### SUPPLIED DATA

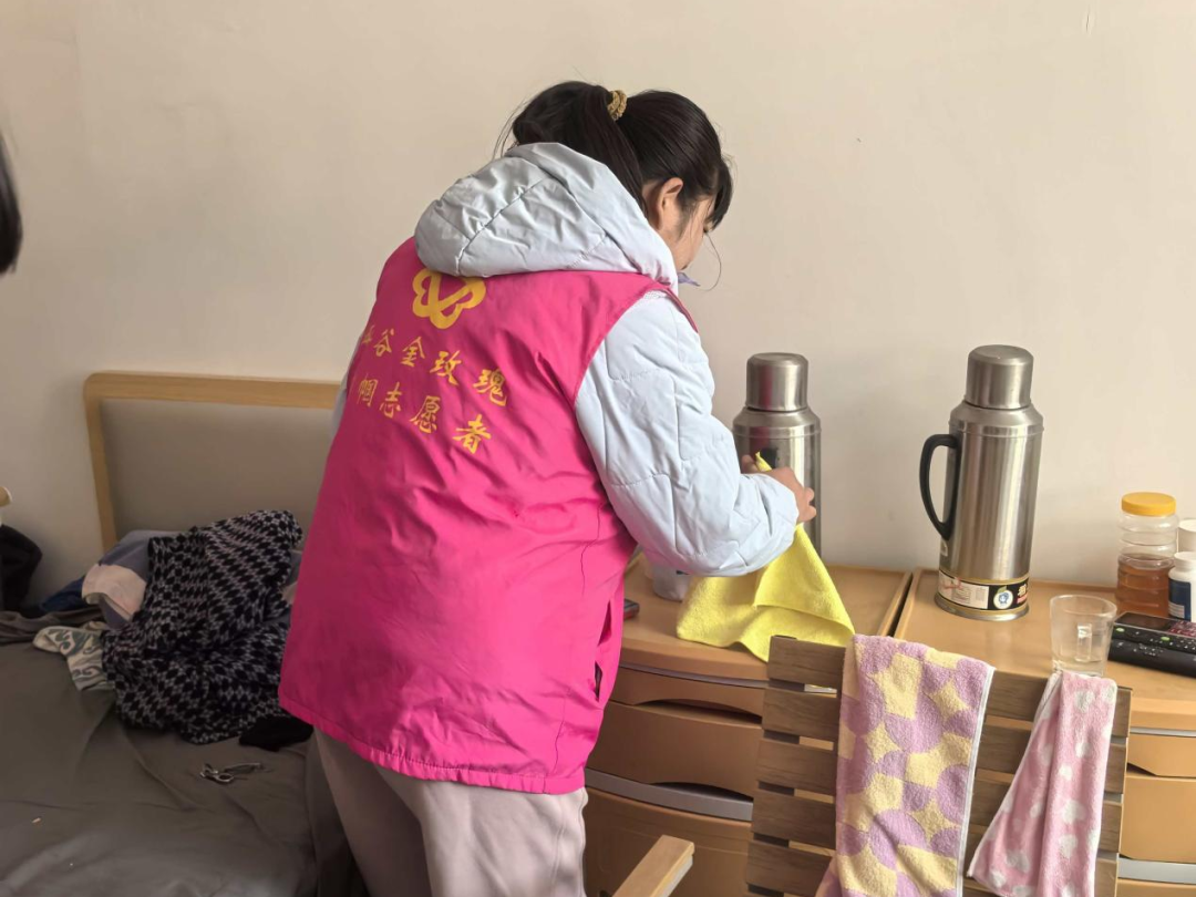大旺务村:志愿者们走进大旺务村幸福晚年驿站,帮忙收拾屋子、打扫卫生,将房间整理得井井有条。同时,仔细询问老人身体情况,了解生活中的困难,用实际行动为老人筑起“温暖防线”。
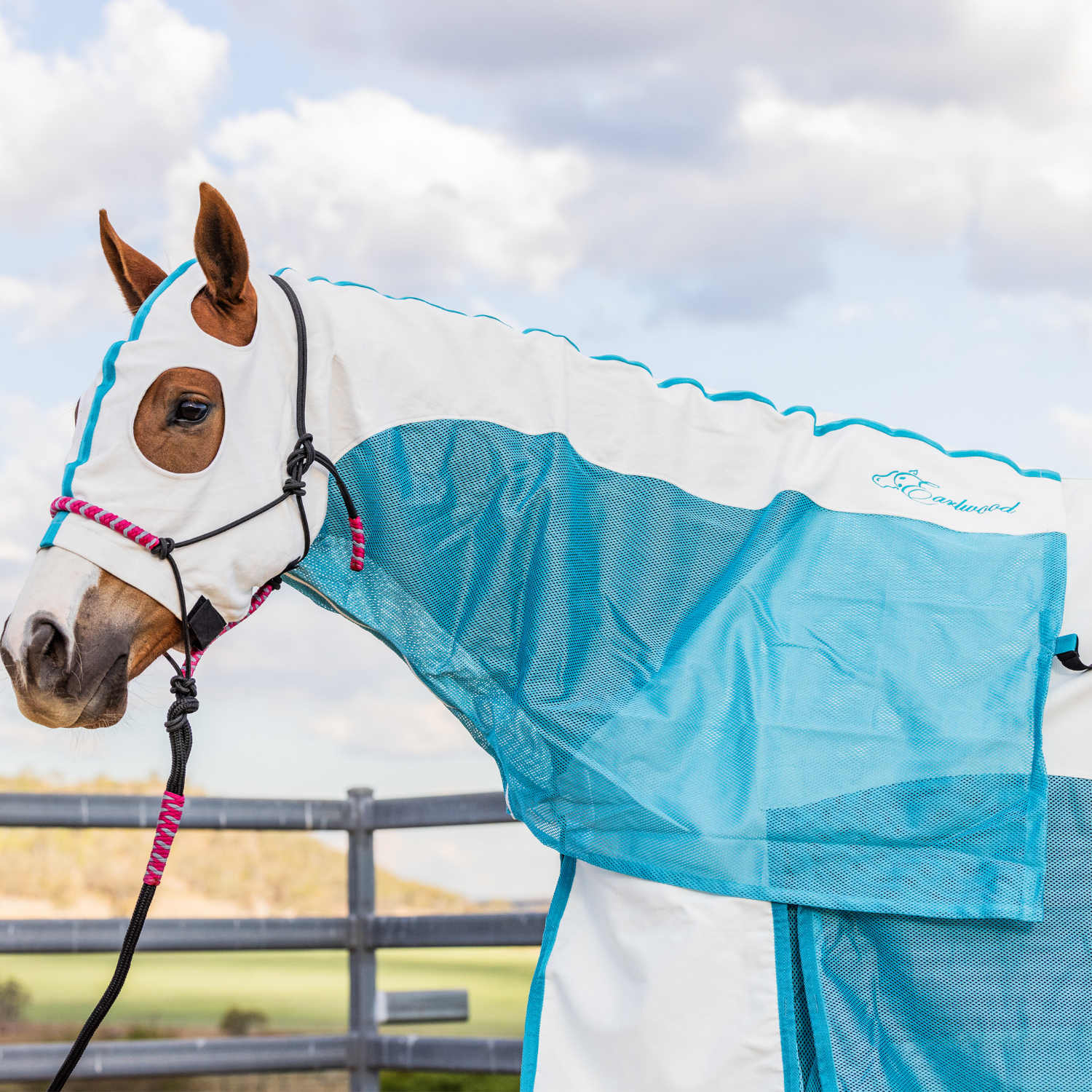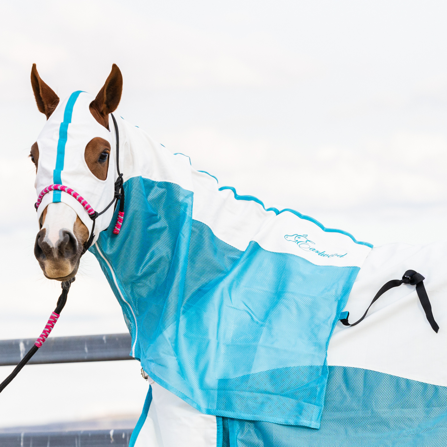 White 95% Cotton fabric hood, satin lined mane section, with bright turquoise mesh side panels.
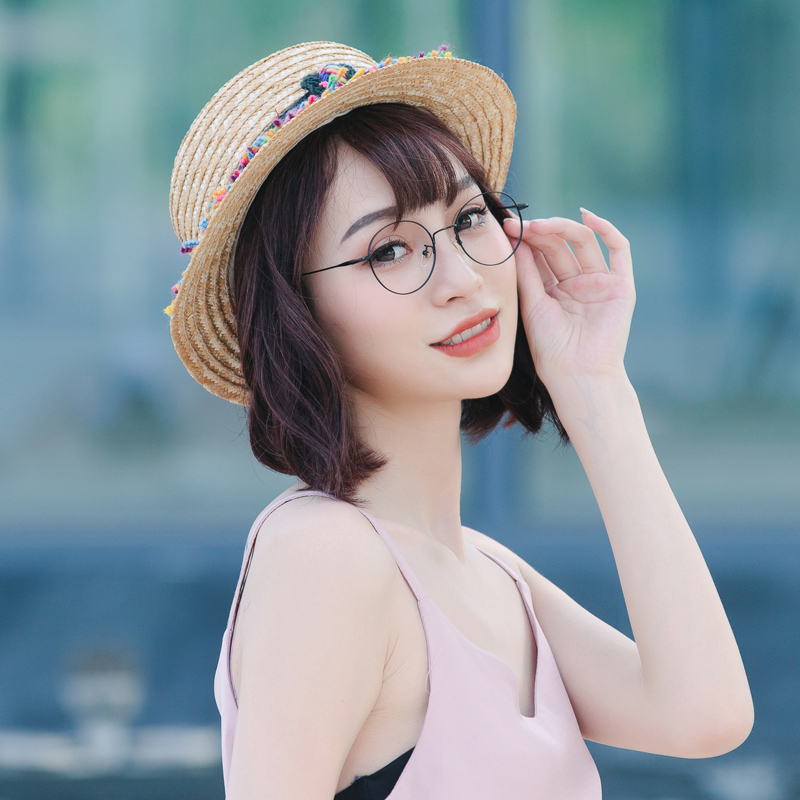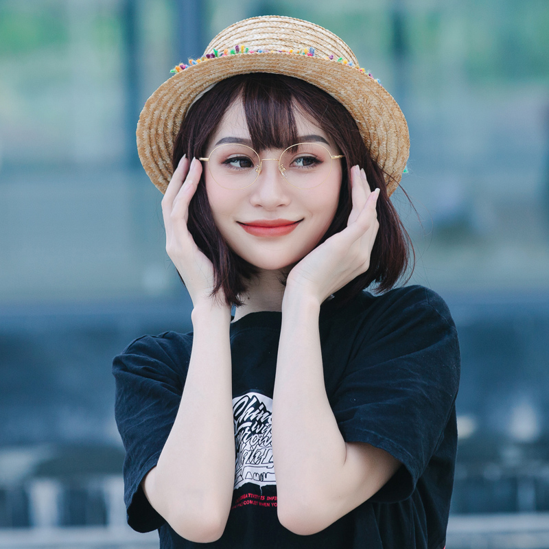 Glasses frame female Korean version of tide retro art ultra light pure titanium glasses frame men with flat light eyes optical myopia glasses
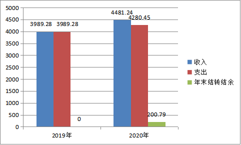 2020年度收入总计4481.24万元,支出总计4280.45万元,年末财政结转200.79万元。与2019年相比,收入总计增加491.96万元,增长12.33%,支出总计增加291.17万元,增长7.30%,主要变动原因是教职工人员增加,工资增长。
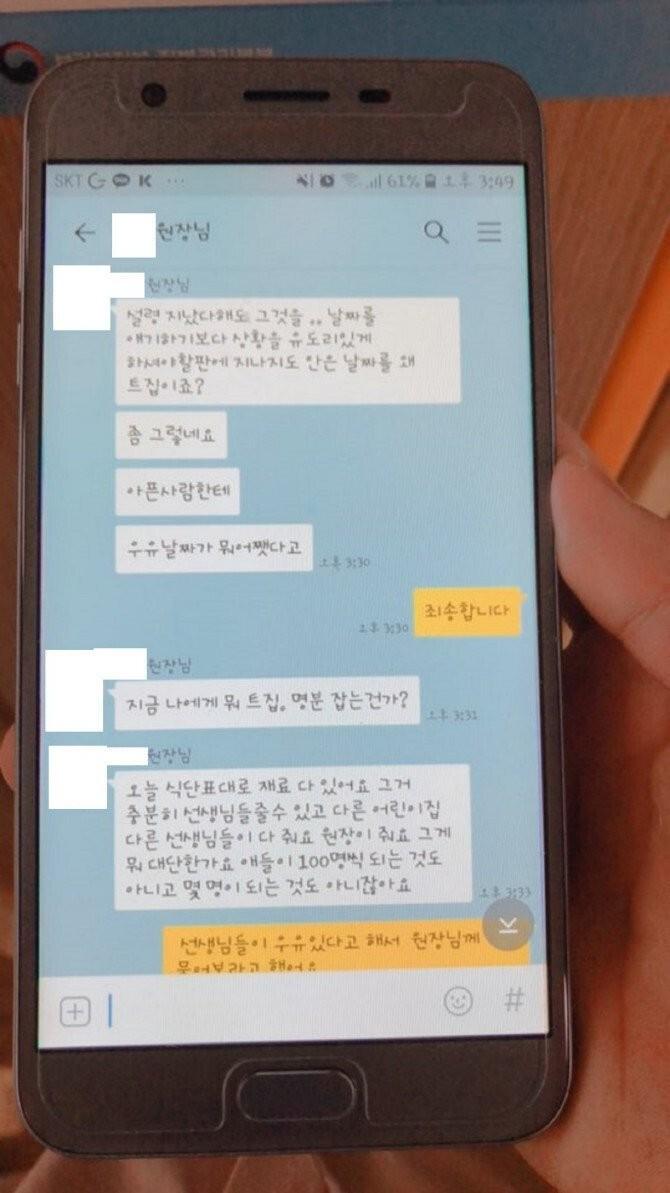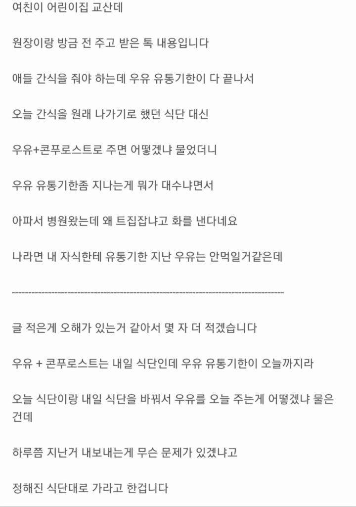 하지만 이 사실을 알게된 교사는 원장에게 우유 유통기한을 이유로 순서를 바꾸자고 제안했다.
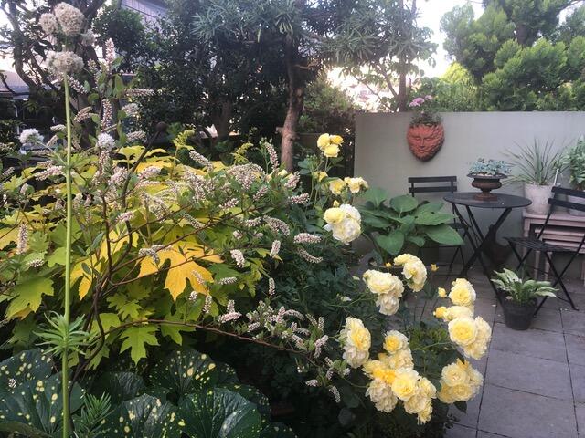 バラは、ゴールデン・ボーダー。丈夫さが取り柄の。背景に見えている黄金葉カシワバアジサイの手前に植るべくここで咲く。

### TASK PROMPT
Exact copy, no pictures: reproduce every entry shown above.

### YOUR RESPONSE
大旺务村:志愿者们走进大旺务村幸福晚年驿站,帮忙收拾屋子、打扫卫生,将房间整理得井井有条。同时,仔细询问老人身体情况,了解生活中的困难,用实际行动为老人筑起“温暖防线”。
 White 95% Cotton fabric hood, satin lined mane section, with bright turquoise mesh side panels.
 Glasses frame female Korean version of tide retro art ultra light pure titanium glasses frame men with flat light eyes optical myopia glasses
 2020年度收入总计4481.24万元,支出总计4280.45万元,年末财政结转200.79万元。与2019年相比,收入总计增加491.96万元,增长12.33%,支出总计增加291.17万元,增长7.30%,主要变动原因是教职工人员增加,工资增长。
 하지만 이 사실을 알게된 교사는 원장에게 우유 유통기한을 이유로 순서를 바꾸자고 제안했다.
 バラは、ゴールデン・ボーダー。丈夫さが取り柄の。背景に見えている黄金葉カシワバアジサイの手前に植るべくここで咲く。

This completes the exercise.